The technological environment
“Technological trends play a crucial role in finding marketing opportunities. These trends encompass advancements in research and development (R&D) that can potentially result in new products or entire industries” (Assael 1990, p. 72). Despite the setback encountered during the development of a new product, the company remains determined to reenter the fast food market by offering salad vegetables. This time, the company assures that it will not overlook the significance of inventory management. PepsiCo comprehends that, in the competitive soft-drink industry with low-profit margins, operational efficiencies in various areas such as procurement, inventory management, production planning, material requirements planning, distribution, and service hold a key advantage.”
PepsiCo, as a leader in the industry, understands the crucial role that information technology plays in its success. It has a strong track record of employing advanced IT to support its direct-store-delivery business model and management. In China, PepsiCo China uses UFIDA’s Enterprise Resource Planning (ERP) system. Additionally, PepsiCo relies on Research and Development as its key strategy to stay ahead in the market. Due to trade secret restrictions on product formulations, the majority of patents focus on technology that supports the beverage industry.
PepsiCo intends to utilize its patents to enhance its presence in all the markets it operates in. Research and development (R&D) plays a crucial role in providing significant benefits to Coca-Cola consumers on a global scale. The main technology fields in which numerous patents have been filed include Packaging, Vending Equipment, Fountain Equipment, Water Treatment, and alternative refrigeration technologies. Specifically in China, water treatment and vending equipment technologies will be advantageous for capturing a larger market share.
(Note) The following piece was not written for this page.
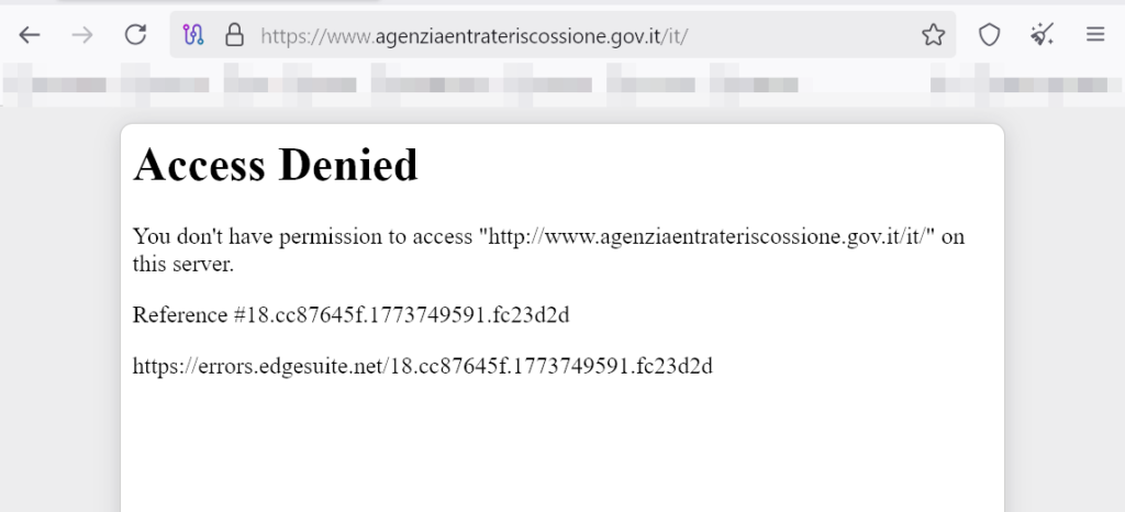 Tuttavia, questo passaggio non avviene correttamente: l’utente approda su una pagina del sito ufficiale che restituisce un errore di “Access Denied” o di directory listing. Questo errore serve ai malintenzionati per confondere ulteriormente la vittima, che attribuirà il mancato accesso a un semplice problema tecnico del sito governativo, senza sospettare che i propri dati siano appena stati rubati.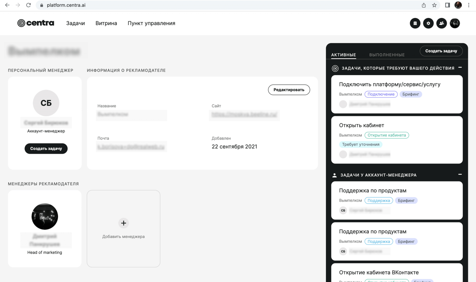 Иногда клиентам Centra требуется рекламная площадка, которой у нас нет. В таком случае мы подключаем новые продукты в индивидуальном порядке. В Centra можно оставить запрос персональному менеджеру: мы договоримся с площадкой о партнерстве, и у клиента появится доступ к ней через 1–2 дня.

Additionally, the company will be compelled to create new technologies tailored to the specific needs of China.
Several new technologies will be utilized in the design and packaging of upcoming products. Additionally, Research and Development aims to incorporate local herbal products into the drink to enhance its energy and provide a unique local taste. To ensure efficiency, Research and Development will employ a small-scale bottling system for testing purposes. This system will confirm the feasibility of producing and bottling the new drink on a large scale. Furthermore, PepsiCo plans to conduct field tests in different regions of China to ensure the widespread acceptance of the new product.
According to Ireland and Hitt (1999, p. 43), many films encounter a turbulent, complex, and global external environment that makes their interpretation challenging. In the current rapidly changing and intricate setting, marketing managers must utilize PEST analysis to make well-informed decisions promptly. The crucial factor for achieving success in a particular country is grasping the diverse macro-environment elements that could favorably influence your business relationship. The report includes PepsiCo as a notable example in this regard.
PepsiCo has a deep understanding of China’s different external environments, consumer behaviors, and localization practices, which they consider as their long-term market strategy. As stated by Porter (1985), analyzing the macro-environment is crucial as every industry has a fundamental structure and economic and technical characteristics that need to be understood. It can be concluded that even the best products and technology may not succeed in global markets if there is a lack of awareness about the local macro-environment.